Stranger Old Man

2K 53 8
                                    

"Lindsay! Kembali!" Teriakan Max menggelegar dari balik pintu besar yang terbuat dari kayu mahoni. Aku tidak mempedulikannya dan tetap meneruskan langkahku. Hati ini telah terluka! Dia mengkhianatiku dan sesuatu yang tertanam di dada kiri ini begitu sessak seperti membengkak melebihi ukuran normal dan mendesak-desak sesuatu yang lainnya yang berada dekat dengannya. Itu membuat seluruh raga ini begitu nyeri. 

'Max, bagaimana bisa kau setega itu mengkhianati cinta kita?' Gumamku dalam hati sambil terus berlari tanpa arah dan tujuan. 

Malam yang dingin di pertengahan musim gugur menambah pedih luka yang menganga akibat pengkhianatan Max. ketika aku telah merasakan lelah karena berlari, aku telah sampai di sebuah taman yang tidak jauh dari tempat kami tinggal. Aku berjalan pelan menelusuri taman. Dari kejauhan, aku melihat sebuah bangku kosong dan memutuskan sejenak menenangkan hatiku yang tercabik di bangku itu. 

Tanpa terasa air mata yang susah payah aku tahan akhirnya tumpah membasahi pipi. Kisah cinta yang kami bentuk dan berakhir pada sebuah pernikahan sacral kini berujung pada kehancuran hati. Max si pengusaha barang elektronik begitulah yang aku tahu hingga semuanya terbongkar hari ini adalah sosok pria yang pekerja keras, memiliki semangat hidup yang tinggi, dan yang paling aku sukai darinya adalah kekonyolan yang sering keluar dari mulutnya yang mempesona. Dia mampu menambatkan hatiku dan juga mampu membuatku menerima pinangannya. Itu dulu hingga semua yang dia sembunyikan terbongkar di depan mataku. Begitu pedih saat harus mengenang masa-masa indah dulu. 

'Mengapa dia harus membohongiku setelah sekian tahun aku menjadi istrinya? Apakah itu aib baginya? Aku istrinya yang telah mengucapkan janji setia menerima Max apa adanya! Mengapa dia menyembunyikan semua ini dariku? Pondasi dari sebuah keluarga bukankah saling mempercayai? Tapi apa yang telah dia perbuat kepadaku? Dengan bodohnya dia megatakan maaf. Jika maaf semudah itu menjadi penawar rasa sakit hati, maka tidak perlu dunia ini menghasilkan psikolog dan ahli jiwa lainnya!' Sekuat tenaga aku menahan emosi yang menggelegak bagai lava yang siap meletus dari gunung api yang aktif. 

"Boleh aku duduk?" Aku menoleh pada sumber suara yang mengganggu lamunanku. Seorang lelaki tua yang aku mengira sudah berusia lebih dari 60 tahunan.
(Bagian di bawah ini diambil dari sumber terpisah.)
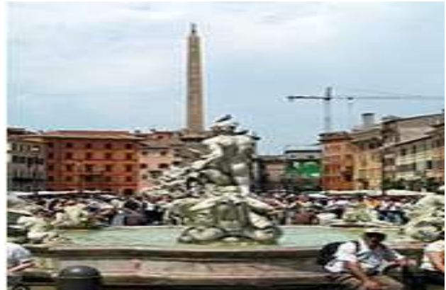
The obelisk in Piazza Navona

Others may be found at Belan, County Kildare and Dangan, County Meath. The Casteltown Folly in County Kildare is probably the best known, albeit the least Egyptian styled, of these obelisks.

Rambutnya dipangkas rapi layaknya seorang tentara namun warna rambutnya tidak lagi hitam melainkan putih seutuhnya. Kulitnya hitam, yah, dia seorang negro dengan deretan gigi rapid an putih di sela senyumannya begitu kontras dengan wajah hitam itu. Dia terlihat ramah namun aku tidak akan lengah! Dia adalah orang asing dan aku harus berhati-hati. 

Tanpa menunggu balasan kata dariku, pak tua itu sudah duduk di sampingku. Jarak yang memisahkan kami hanya satu depa dan aku semakin waspada pada pak tua ini. 

"Masih ada sisa di ..." Ujarnya sambil menunjuk-nunjuk pipiku dan aku menyadarinya. Dengan sigap aku mengusap air mata yang tersisa dari pipi dan menatapnya lagi. 

"Berbahaya sekali bagi wanita seperti anda berkeliaran malam-malam seperti ini." Lanjutnya sambil meraih topi yang ada di saku dalam jas butut dan mengenakannya untuk menutupi telinga. Aku belum menjawabnya dan masih saja sibuk mengamati pak tua itu. Dia sama sekali tidak terganggu dengan tatapanku dan dia juga sibuk dengan urusannya merapatkan syal kumal berwarna - aku menduganya - biru tua untuk menepis hawa dingin yang memang begitu menusuk tulang. 

"Aku..." Sekilas aku ragu mengutarakan kesakitan hatiku pada pak tua ini. 

'Dia hanya orang asing, Lindsay! Apa yang kau harapkan?' Dan aku memilih untuk tidak meneruskan ucapanku. 

Aku mendengar pak tua itu mendengus menahan tawanya dan kedua alisku saling bertaut, bingung - dan tersinggung. 

"Melihat kau menangis seperti itu, aku boleh menebak?" Aku melihatnya masih dengan senyumannya.